In [None]:
import numpy as np
import open3d as o3d

# Scalable TSDF integration

## TSDF voxels
TSDF (truncated signed distance function) is a useful map representation to fuse and denoise a sequence of Depth/RGB-D images with known camera poses. It voxelizes the 3D space; for each voxel, it computes weight average of signed distance to its closest surface observations from multiple scans. Note this signed distance is **truncated** to preserve details, so that voxels too far away from the surface won't be affected.

By this description, each voxel stores a `float` tsdf value and a `float` or `uint16` weight. At current, we also optionally support `rgb` colors of `float` or `uint16` (we do not use `uint8` to preserve precision during integration).
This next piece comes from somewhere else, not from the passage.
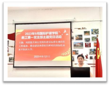 为贯彻落实党的二十大精神和习近平新时代中国特色社会主义思想主题教育, 学习海医党委《关于推进基层党支部建设提质增效的通知》要求, 国际护理学院教工第一党支部于 2023 年 9 月 21 日下午 15:30,在润深楼北 214 会议室召开了 9 月主题党日活动。会议集中学习《中国共产党章》、“巩固提升基 层党组织建设标准化规范化工程成效, 推动建设热带特色鲜明的国际化高水平 医科大学”相关内容、《关于六起“不担当、不作为”问题典型案例的通报》以及陈院士的开学第一课。本次会议由我院教工第一党支部组织委员周明主持,国际护理学院党委书记蒙伟、教工第一党支部书记蒋新军及第一党支部全体党员参加。

Supported combinations are:
- `float` tsdf, `float` weight
- `float` tsdf, `float` weight, `float` rgb
- `float` tsdf, `uint16` weight, `uint16` rgb

Users may also customize their own voxel types and include other properties (e.g., semantic mask), after modifying the voxels and dispatch pattern in `core/kernel/GeneralEWSharedImpl.h`.

## Voxel blocks and spatial hashing
Initially, in KinectFusion, TSDF is defined in a restricted $512^3$ cube. While this is useful to represent small scenes, it has to sacrifice reconstruction resolution for larger scale environments. VoxelHashing introduces an improved representation where the 3D space is roughly divided into $16^3$ **voxel blocks**. These voxel blocks will only be allocated around surfaces, i.e., around depth observations, and can be indexed dynamically by 3D coordinate using a **hashmap**.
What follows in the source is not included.